In connection with the Kien Huat Note Exchange Agreement (as defined and discussed in Note H above), on December 28, 2017, the Company and Kien Huat further amended the 2015 Kien Huat Commitment Letter (the "2015 Kien Huat Commitment Amendment"). Pursuant to the 2015 Kien Huat Commitment Amendment, Kien Huat’s obligation to participate in, and backstop the Follow-On Rights Offering was terminated. Other than the termination of such follow-on standby purchase commitment, all other terms of the 2015 Kien Huat Commitment Letter remain unchanged.

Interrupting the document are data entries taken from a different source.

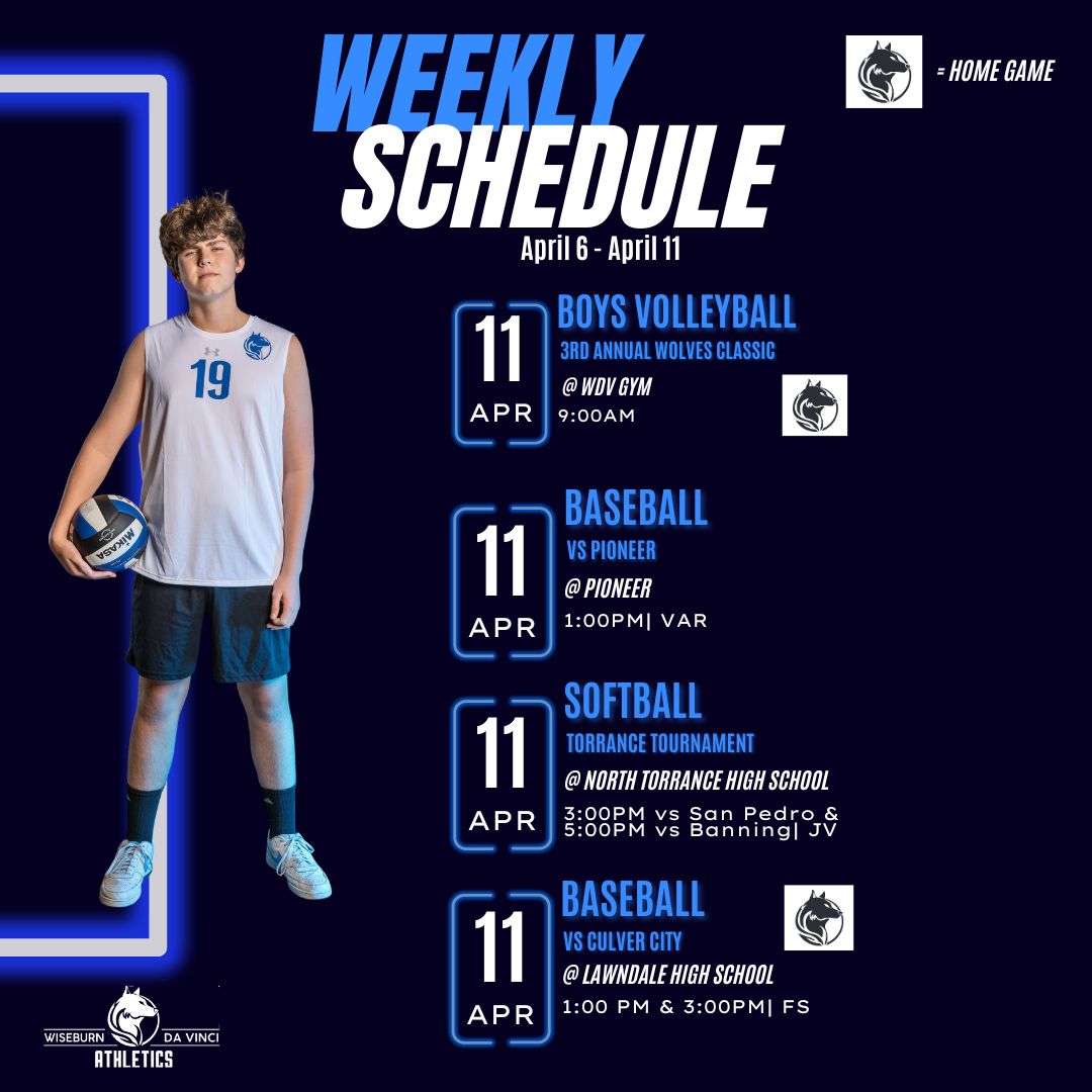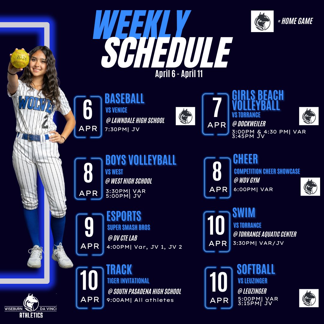 Wiseburn Da Vinci Athletics Weekly Schedule 4/6-4/11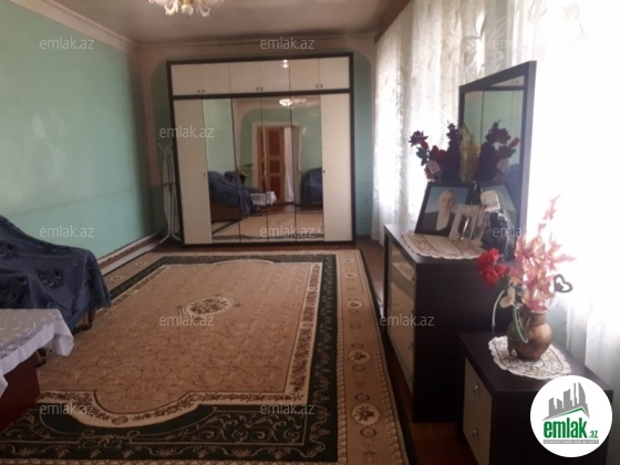 yoldan 100 metr arali,6 sot torpaqda tikilmiş,6 daş kürsülü,120 kv.m.4 otaqlı,əla təmirli ev.Ev əşyalarla bir yerdə satılir(soyuducu,paltaryuyan maşın,...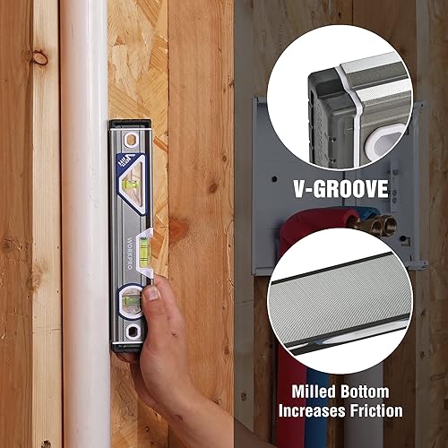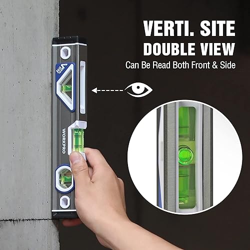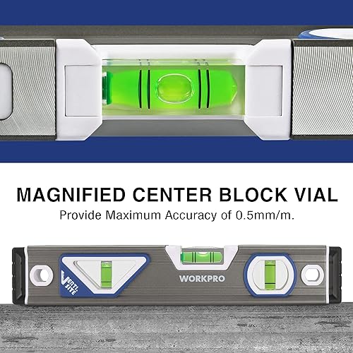 WORKPRO Livella a Bolla da 254mm, Livella con Bolla Misurazione Orizzontale/Verticale/45 °, Leggibile Frontale e Laterale, Ottimo per Costruttori Professionisti e Fai-da-te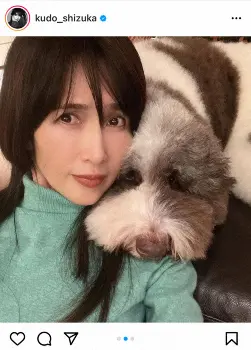 歌手の工藤静香(51)が18日、自身の公式インスタグラムを更新し、頭の上に愛犬のエトワール君が顔を乗せた愛らしい姿を披露した。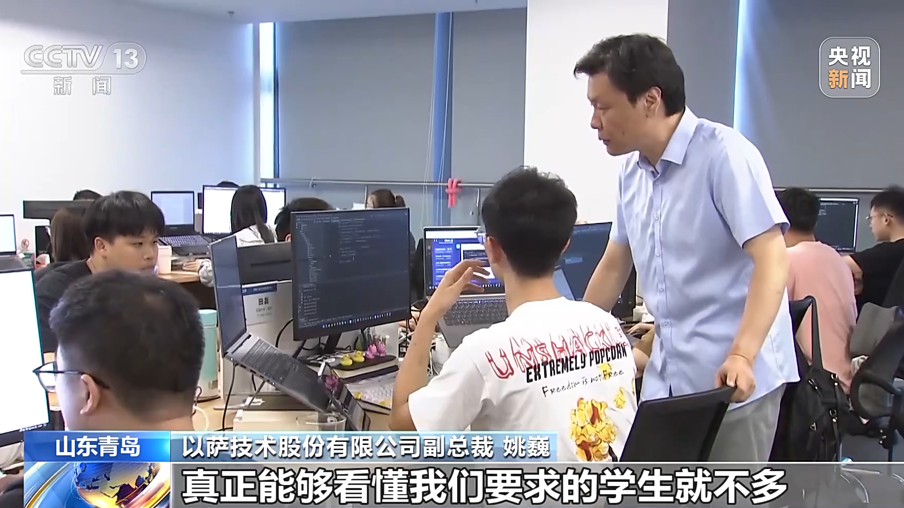 以萨技术股份有限公司副总裁 姚巍:我们去学校宣讲、去开招聘会,真正能够看懂我们要求的学生就不多,所投简历也不多,留下来的我们一看确实也不太合适,专业不符,招人确实很难。
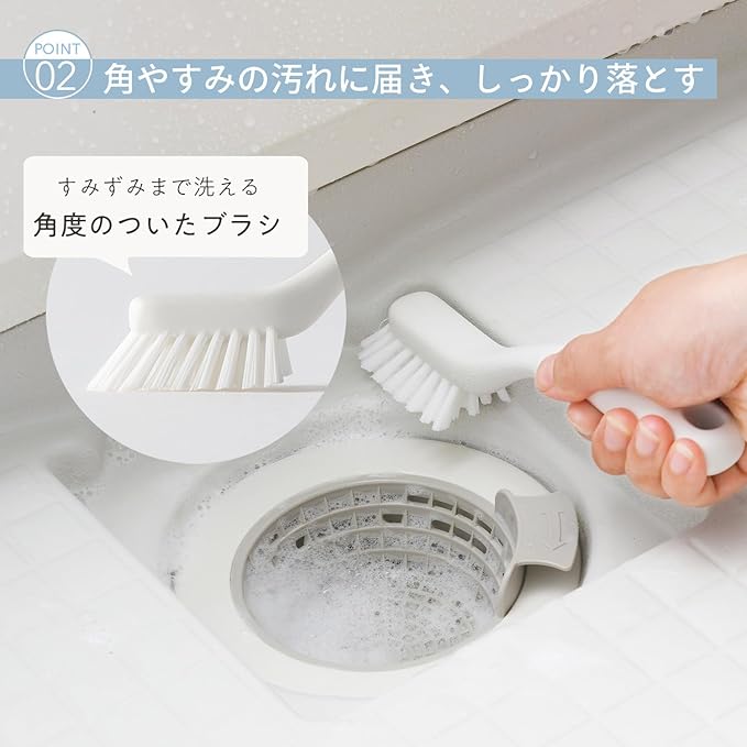 【すみずみまで洗いやすい】排水口や蛇口まわりなど細かい場所が洗いやすく、ブラシの先端が広がっているので、角やすみの汚れをしっかり落とします。

Kien Huat Investment Agreement

On August 19, 2009, the Company entered into the 2009 Investment Agreement with Kien Huat, pursuant to which we issued 6,901,208 shares of common stock, representing just under 50% of our voting power at the time. Under the terms of the 2009 Investment Agreement, Kien Huat is entitled to recommend three directors whom we are required to cause to be elected or appointed to our Board, subject to the satisfaction of all legal and governance requirements regarding service as a member of our Board and to the reasonable approval of the Governance Committee of the Board of Directors. In 2017, Kien Huat recommended Messrs. Pearlman, Eller and Lim for appointment to the Board of Directors pursuant to the 2009 Investment Agreement. Kien Huat will continue to be entitled to recommend three nominees for directors for so long as it owns at least 24% of our voting power outstanding at such time, after which the number of directors whom Kien Huat will be entitled to designate for election or appointment to the Board of Directors will be reduced proportionally to Kien Huat’s percentage of ownership. Under the 2009 Investment Agreement, for so long as Kien Huat is entitled to designate nominees for directors to the Board, among other things, Kien Huat will have the right to nominate one of its nominees elected to serve as a director to serve as the Chairman of the Board, and Mr. Pearlman has been appointed to serve as Executive Chairman of the Board pursuant to Kien Huat’s recommendation. Until such time as Kien Huat ceases to own capital stock with at least 30% of our voting power outstanding at such time, the Board of Directors will be prohibited under the terms of the 2009 Investment Agreement from taking certain actions relating to fundamental transactions involving us and our subsidiaries and certain other matters without the affirmative vote of the directors nominated by Kien Huat.

Registration Rights

Pursuant to the terms of the 2009 Investment Agreement, on August 19, 2009, the Company entered into a Registration Rights Agreement with the Kien Huat (the “Registration Rights Agreement”). The Registration Rights Agreement provides, among other things, that Kien Huat may require that the Company file one or more “resale” registration statements, registering under the Securities Act of 1933, as amended, the offer and sale of all of the common stock issued or to be issued to Kien Huat pursuant to the 2009 Investment Agreement as well as any shares acquired by way of a share dividend or share split or in connection with a combination of such shares, recapitalization, merger, consolidation or other reorganization with respect to such shares. In addition, pursuant to the 2015 Kien Huat Commitment Letter, the Company agreed to register for resale all of the shares of common stock held by Kien Huat. On February 23, 2016, the Company filed a registration statement on Form S-3 (No. 333-309662) (the "Resale Registration Statement") registering for resale all of the shares of common stock held by Kien Huat. On August 7, 2018, the Company filed a Request to Withdraw the Resale Registration Statement. No securities were sold under the Resale Registration Statement.